Parameters ---------- X_test : array-like of shape (n_samples, n_features) Test data of which we compute the likelihood, where n_samples is the number of samples and n_features is the number of features. X_test is assumed to be drawn from the same distribution than the data used in fit (including centering).

y : Ignored Not used, present for API consistence purpose.

Returns ------- res : float The likelihood of the data set with `self.covariance_` as an estimator of its covariance matrix.

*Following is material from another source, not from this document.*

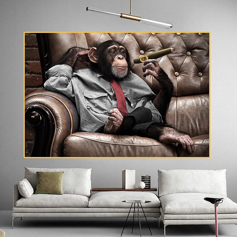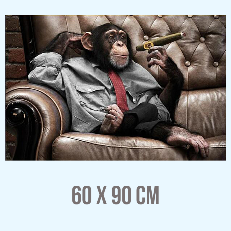 Allernieuwste Canvas Schilderij Gorilla Aap met Sigaar - PopArt Modern - Dieren - Poster - 60 x 90 cm - Kleur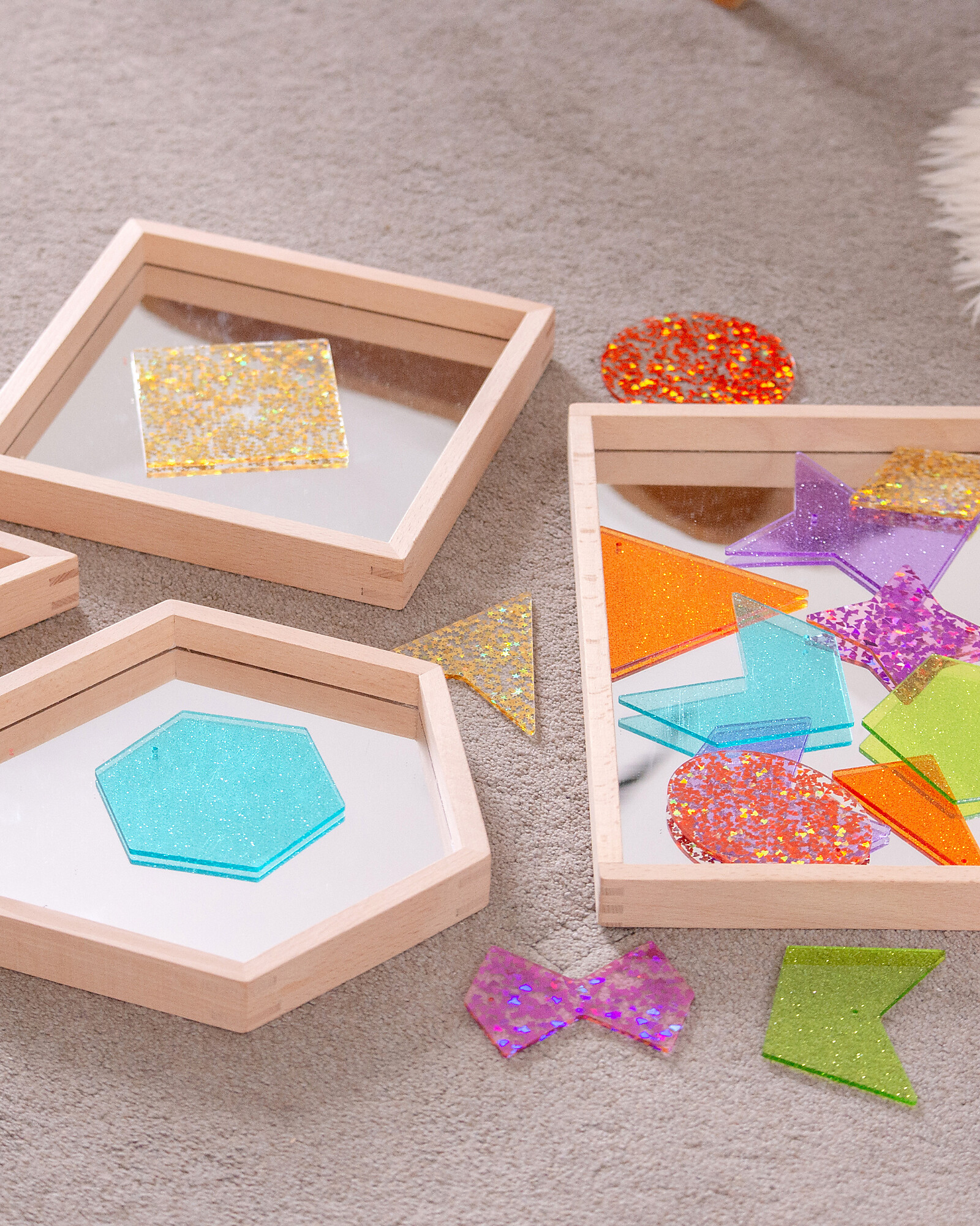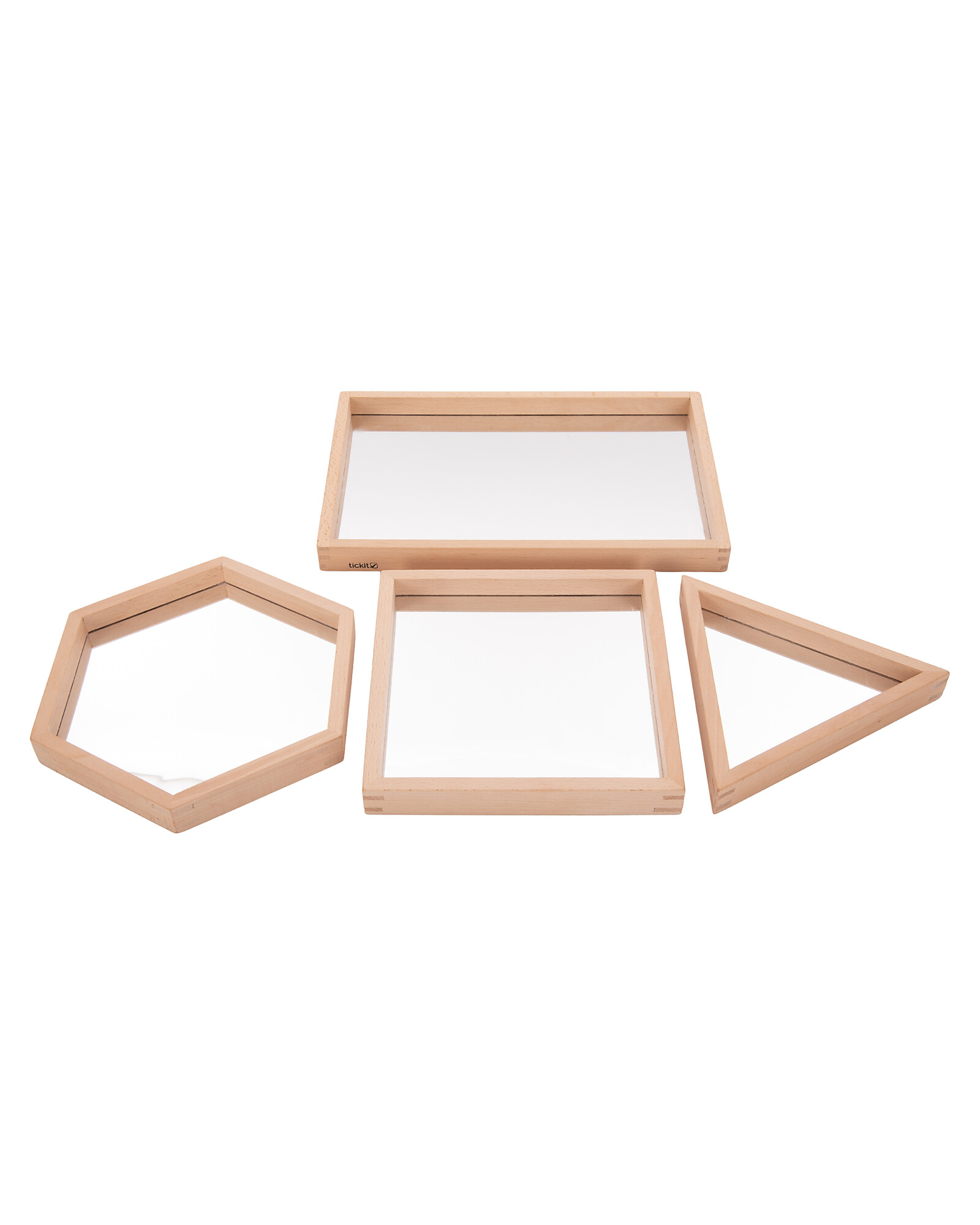 Vassoi a Specchio in Legno di Faggio - 4 Pezzi - Forme Geometriche - 0+

val set_params : ?params:(string * Py.Object.t) list -> [> tag ] Obj.t -> t

Set the parameters of this estimator.

The method works on simple estimators as well as on nested objects (such as pipelines). The latter have parameters of the form ``<component>__<parameter>`` so that it's possible to update each component of a nested object.

Parameters ---------- **params : dict Estimator parameters.

Returns ------- self : object Estimator instance.

val location_ : t -> [> `ArrayLike ] Np.Obj.t

Attribute location_: get value or raise Not_found if None.

val location_opt : t -> [> `ArrayLike ] Np.Obj.t option

Attribute location_: get value as an option.

val covariance_ : t -> [> `ArrayLike ] Np.Obj.t

Attribute covariance_: get value or raise Not_found if None.

val covariance_opt : t -> [> `ArrayLike ] Np.Obj.t option

Attribute covariance_: get value as an option.

val precision_ : t -> [> `ArrayLike ] Np.Obj.t

Attribute precision_: get value or raise Not_found if None.

val precision_opt : t -> [> `ArrayLike ] Np.Obj.t option

Attribute precision_: get value as an option.

val n_iter_ : t -> int

Attribute n_iter_: get value or raise Not_found if None.

val n_iter_opt : t -> int option

Attribute n_iter_: get value as an option.

val to_string : t -> string

Print the object to a human-readable representation.

val show : t -> string

Print the object to a human-readable representation.

val pp : Stdlib.Format.formatter -> t -> unit

Pretty-print the object to a formatter.